Redundancy of long-range connectivity. (A) Example empirical and randomized networks thresholded to retain the 25% longest connections (Leftmost). We then compute the pairwise cosine similarity between areas’ long-range connectivity profiles (Rightmost). (B) Pairwise similarity measures are averaged for the empirical and randomized networks. We repeat this process using four different definitions of “long range”: 5%, 10%, 20%, and 25% longest connections as defined by Euclidean distance between regional center of mass.

Fig. 7.

Linearized dynamics and participation coefficient. (A) Schematic illustrating analysis pipeline. The structural connectivity matrix is used to constrain a linearization of Wilson–Cowan dynamics, which results in an estimated covariance (FC) matrix.
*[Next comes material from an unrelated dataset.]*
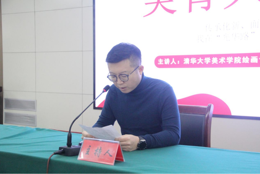 根据河北省教育工委“周末专家河北行”实施意见,12月18日,在团市委的支持下,威尼斯官网与清华大学美术学院联合开展艺术交流活动,邀请清华大学美术学院绘画专业博士研究生陈博贤作“传承化新,面向未来——我在光华路上的绘画实践”专题讲座。泊头市第二中学副校长刘广锋、清华大学美术学院艺术史论专业硕士研究生朱滢、清华大学美术学院艺术史论专业学生周雨侬,威尼斯官网及泊头市第二中学的教师代表参加。校团委副书记刘鹏主持。

We compute network modules ahead of time, and based on those modules and on the simulated covariance structure, we compute brain areas’ functional participation coefficients. (B) Schematic illustrating the concept of the participation coefficient ($\mathcal{P}$). An area with high participation coefficient (red connections) forms connections to many different modules, while the connections of an area with low participation coefficient (green connections) are largely restricted to a single module. An area’s participation coefficient can be interpreted as a measure of its connectional diversity. When computed using a covariance matrix, an area’s participation coefficient measures its functional diversity. (C) Change in mean participation coefficient after removing different percentages of a network’s longest and shortest connections. The mean participation coefficient of the intact network is depicted as a red dashed line. Note that removing long-distance connections consistently reduces the mean participation coefficient (colored bars), indicating a decrease in functional diversity. Removing short-range connections (gray bars) has the opposite effect. Note that for the low- and high-resolution human datasets, we computed the participation coefficient with respect to structural and functional modules.